(TRY IT): Exact transcription of the data below is required, without the images.

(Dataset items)
***

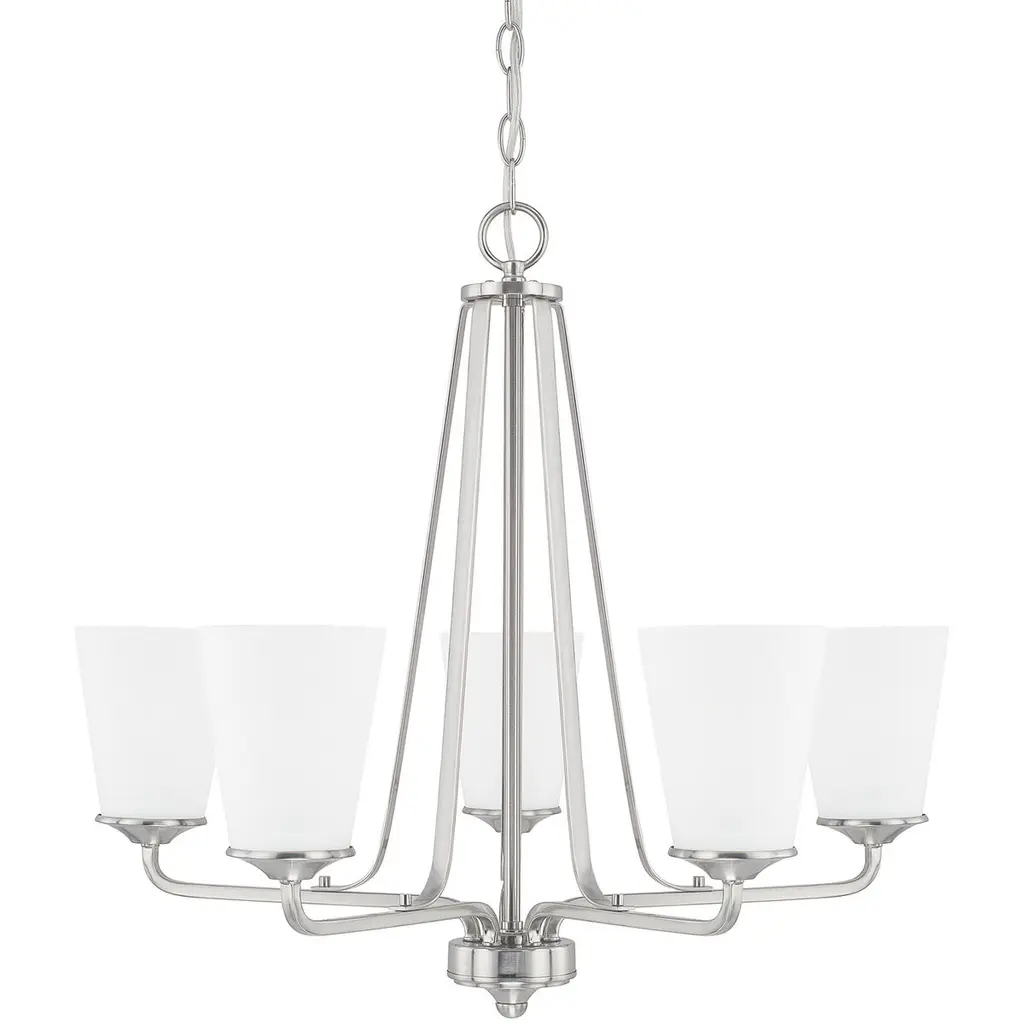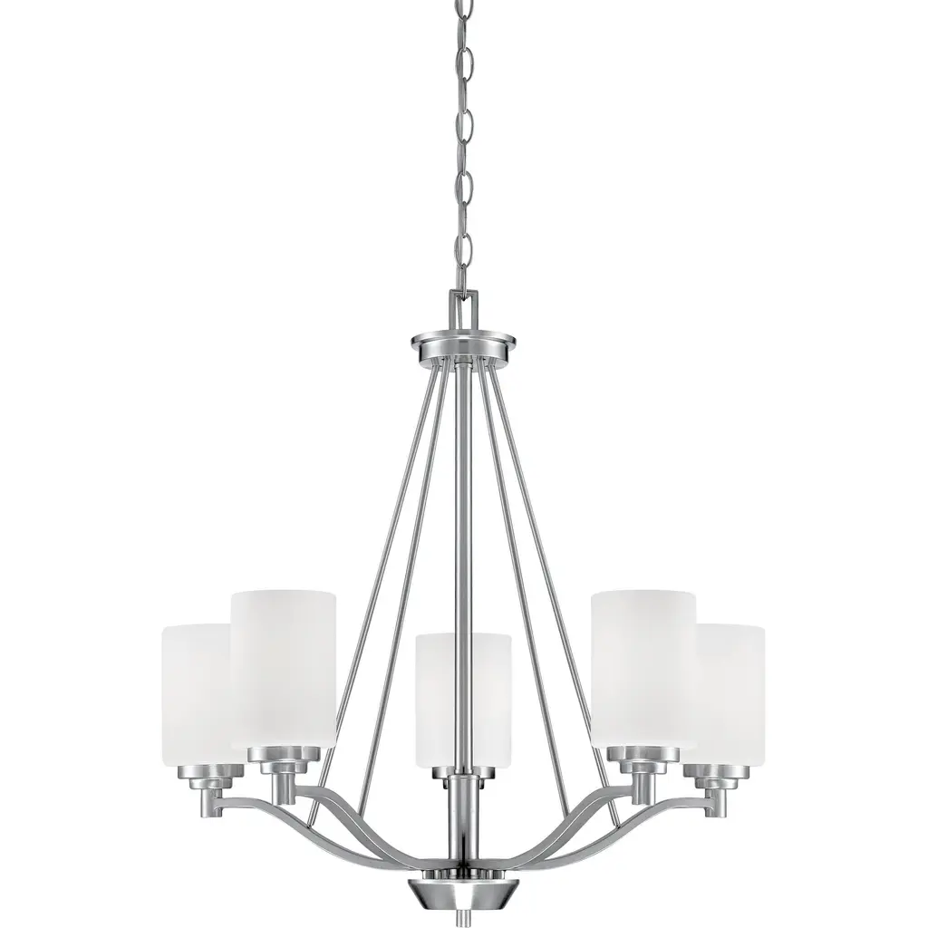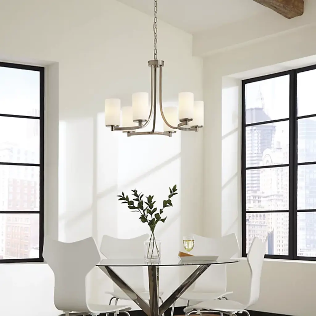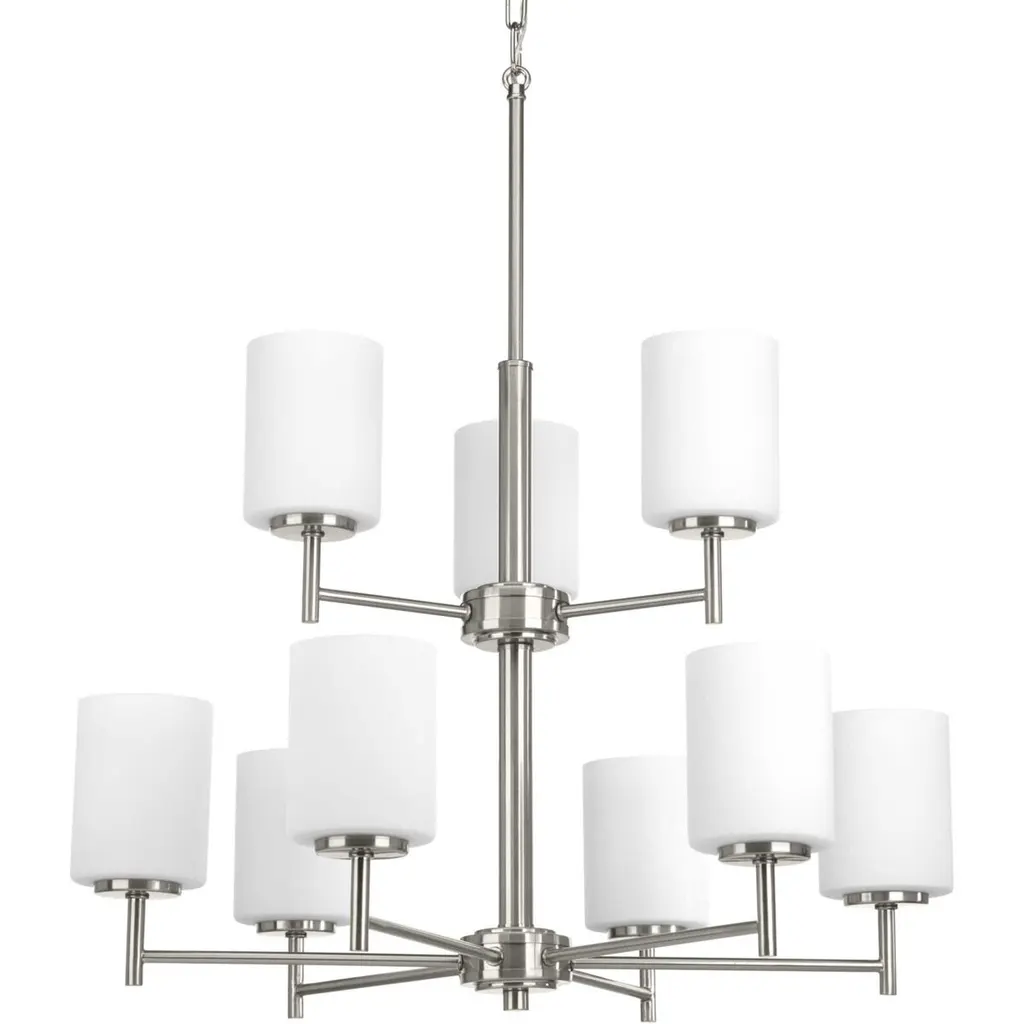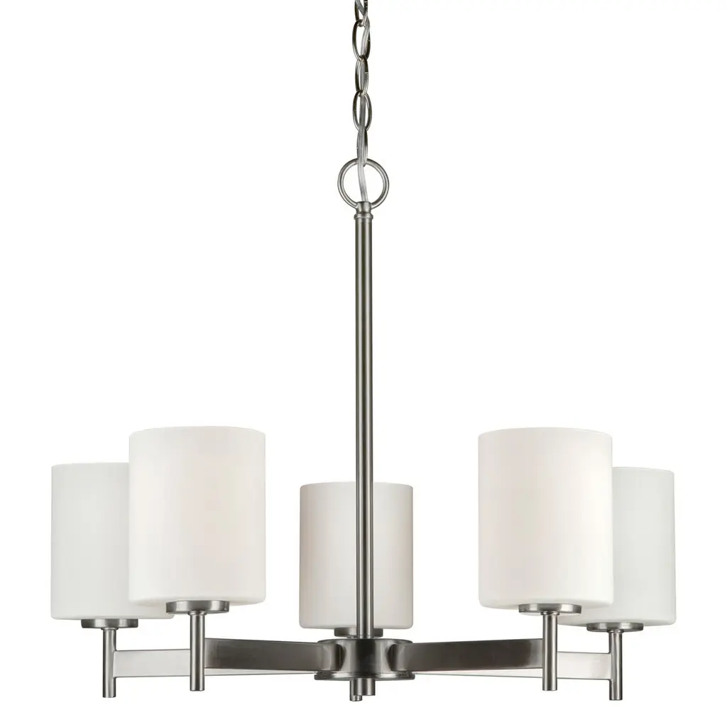 The Generation Lighting, formerly known as Sea Gull Lighting, Hettinger Chandelier features cylinders of Etched / White Inside glass as shades that evenly distribute ambient light to one's chosen space. The smooth, clean lines of the frame keep this fixture design minded, while allowing other focal points in the room to stand out. Height adjustable at installation.
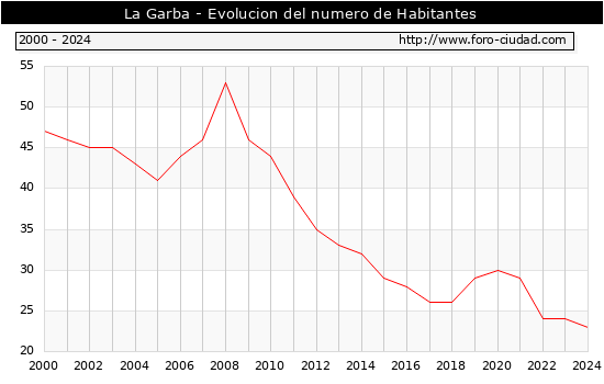 el numero de habitantes en La Garba era de 23, 1 habitantes menos que el en el año 2023. En el grafico siguiente se puede ver cuantos habitantes tiene La Garba a lo largo de los años.
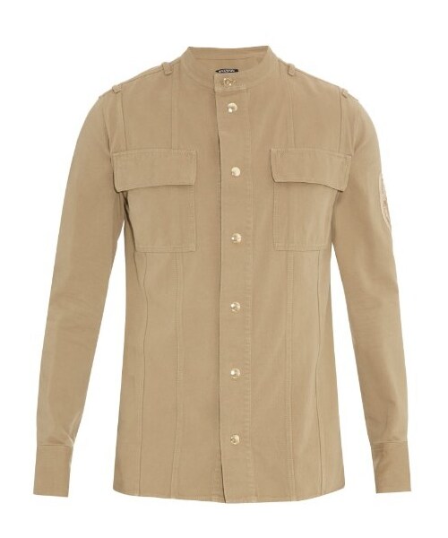 This beige cotton-twill Balmain shirt will make a sleek addition to an off-duty wardrobe. It's styled with a stand collar and two flapped-chest pockets for a cool safari vibe and finished with an embroidered dragon crest on the left sleeve. It's a loose-fitting style that runs true to size.
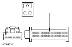NOTE: Due to limited connector accessibility, before carrying out this test step, visually inspect the wiring between the HVAC module and actuator for opens or shorts. If no damage is visually evident, proceed with the test.
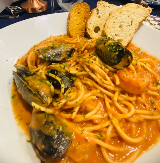 Nuestra especialidad, aceitunas negras, pimiento morrón, perejil, tomates cherry, camarones y mejillones, salteados a la mantequilla, con salsa pomodoro y chiles secos.
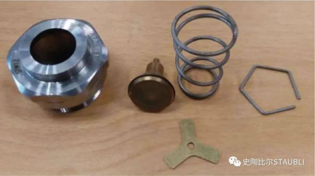 2. 依次取出卡环、挡片、弹簧和密封头。
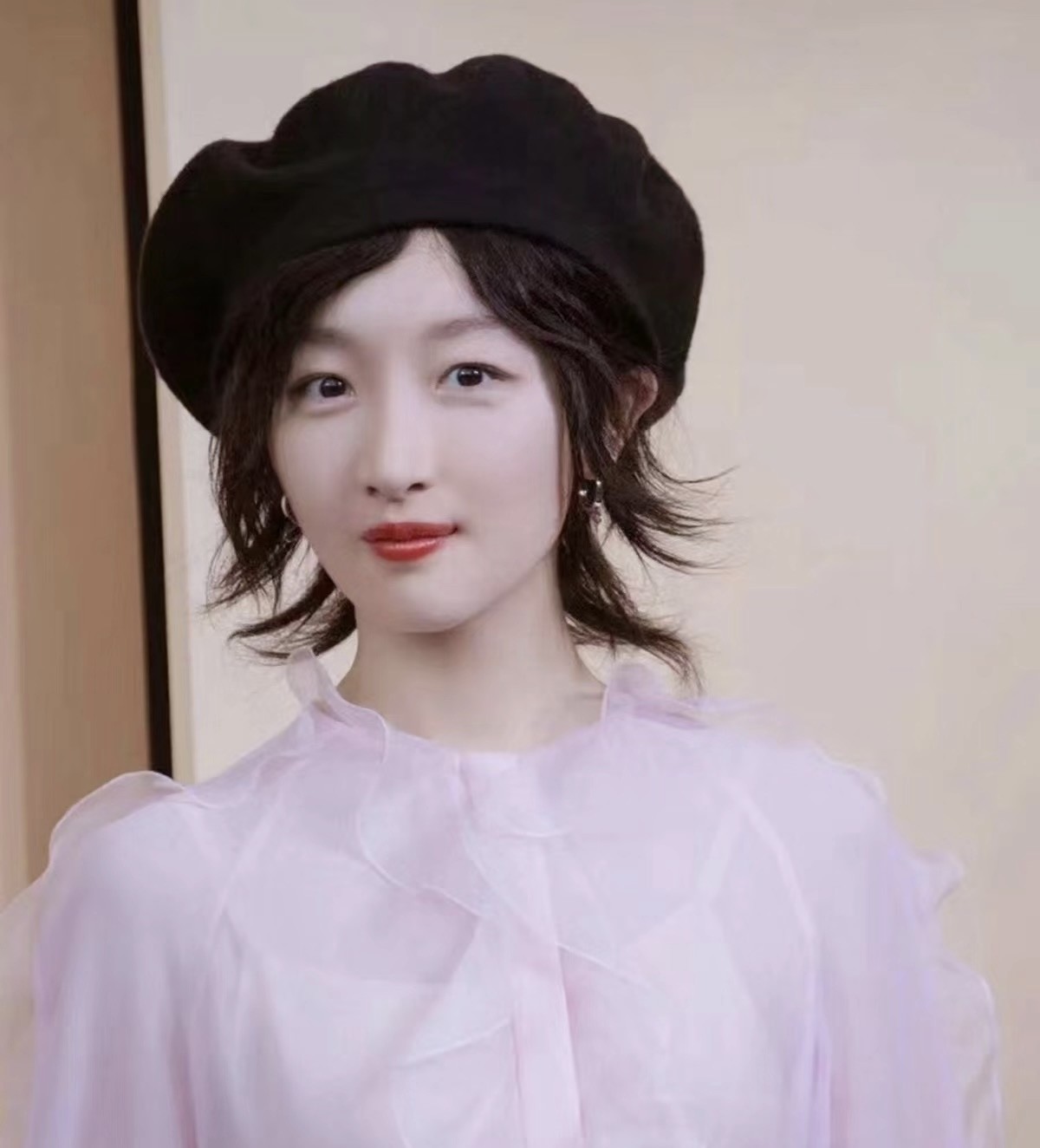 但她的面部线条流畅,五官精致,小小的眼睛笑起来,
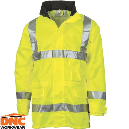 The DNC Workwear Hi-Vis Breathable Rain Jacket with 3M Reflective Tape is created from heavy duty waterproof polyester, 300D. The jacket features 2 flap side pockets, mesh lining and a foldaway hood. The storm cuffs, adjustable sleeve tabs and 3/4 length create the most efficient and convenient jacket rain jacket.

***

(SOLVED PROBLEM):
 The Generation Lighting, formerly known as Sea Gull Lighting, Hettinger Chandelier features cylinders of Etched / White Inside glass as shades that evenly distribute ambient light to one's chosen space. The smooth, clean lines of the frame keep this fixture design minded, while allowing other focal points in the room to stand out. Height adjustable at installation.
 el numero de habitantes en La Garba era de 23, 1 habitantes menos que el en el año 2023. En el grafico siguiente se puede ver cuantos habitantes tiene La Garba a lo largo de los años.
 This beige cotton-twill Balmain shirt will make a sleek addition to an off-duty wardrobe. It's styled with a stand collar and two flapped-chest pockets for a cool safari vibe and finished with an embroidered dragon crest on the left sleeve. It's a loose-fitting style that runs true to size.
NOTE: Due to limited connector accessibility, before carrying out this test step, visually inspect the wiring between the HVAC module and actuator for opens or shorts. If no damage is visually evident, proceed with the test.
 Nuestra especialidad, aceitunas negras, pimiento morrón, perejil, tomates cherry, camarones y mejillones, salteados a la mantequilla, con salsa pomodoro y chiles secos.
 2. 依次取出卡环、挡片、弹簧和密封头。
 但她的面部线条流畅,五官精致,小小的眼睛笑起来,
 The DNC Workwear Hi-Vis Breathable Rain Jacket with 3M Reflective Tape is created from heavy duty waterproof polyester, 300D. The jacket features 2 flap side pockets, mesh lining and a foldaway hood. The storm cuffs, adjustable sleeve tabs and 3/4 length create the most efficient and convenient jacket rain jacket.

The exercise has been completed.